Obama did take action first though, and interestingly, Newt Gingrich and Robert Walker actually came out in support of his initiative -- for about thirty seconds -- before realizing Republicans are not supposed to support anything Obama does, and that most of those defending the socialist approach to space we have followed since Apollo were indeed Republicans... (Oops!) And of course now the reverse is true, as the liberal side ridicules the concept simply because it came out of the mouth of an avowed rightist.

But the politics of this isn't the important thing. The sad thing, the pathetic thing, about the whole episode, is that over 40 years after we put the first American on the moon the idea that in 10 more we might have a moonbase is considered radical and far out.

This is the real story. This is the point that demonstrates how bad a state we are in as a nation, how badly we have lost our way, and how important it is that we understand and support whoever pushes us UP and out to the frontier -- at least on this one issue.

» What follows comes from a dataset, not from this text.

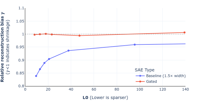This was actually the key motivation for building this metric in the first place, instead of just looking at the ratio . Looking at the that would optimize the reconstruction loss ensures that we're capturing only bias from the L1 regularization, and not capturing the "inherent" need to shrink the vector given these nonzero angles. (In particular, if we computed for Gated SAEs, I expect that would be below 1.)
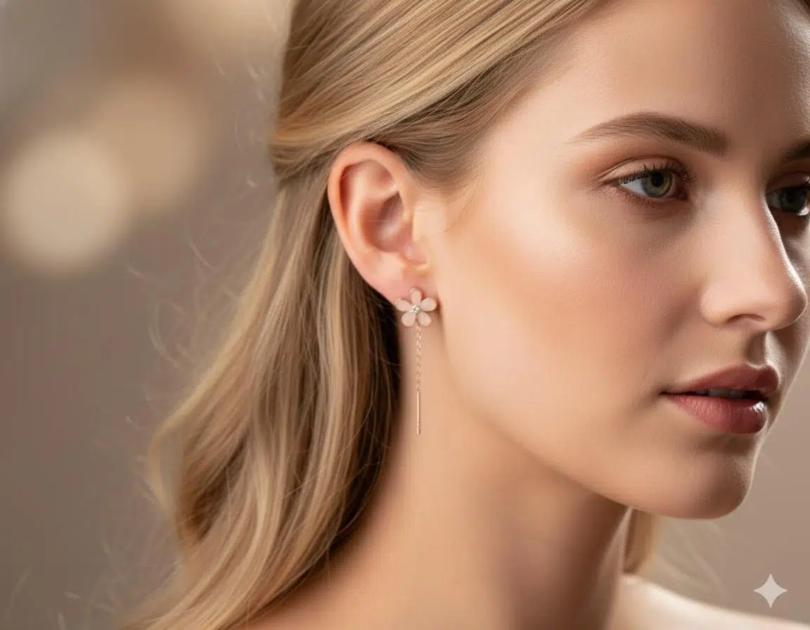 925 Ayar sallantılı papatya küpe.rose.gold.rodaj

Forty three years ago we landed on a new world, and we blew it. We had it, and we dropped it.

I would just ask you for one moment to imagine what today would be like if we had built on that landing by creating a permanent and growing community there and moved on to Mars. What would it be like to be an American schoolkid today (or a kid anywhere on Earth for that matter) if you could look up at the lights of cities on the moon and see reports on your cell phone of our expanding presence on Mars?

What might the campaign season be like if the trending topics in today's news were how the mining of platinum from asteroids was affecting the price of cell chips, or the cost of power being beamed from solar plants in space competing with carbon fuels, the unionization of orbital workers or the end of Parkinson's disease due to new micro gravity research breakthroughs?

We need our reach to exceed our grasp. We need a generation that says "If we can put a city on the moon why can't we..." as it calls us forth to do better in all things. Big ideas? Hell, we don't have enough of them. And to ridicule those you are simply too timid or short-sighted to embrace, at a time when you need them so badly is ludicrous.

Sanity is a relative thing, and saying we will at last do what we should have done long ago and do it based on empowering the people to do what they do best and by doing so calling out the best in us is actually one of the few sane things to have been said in this campaign. Crazy may not be the one who says the sun is the center of the solar system, the Earth is round and someday people might fly. It may be those who laugh at such words whose minds are lost.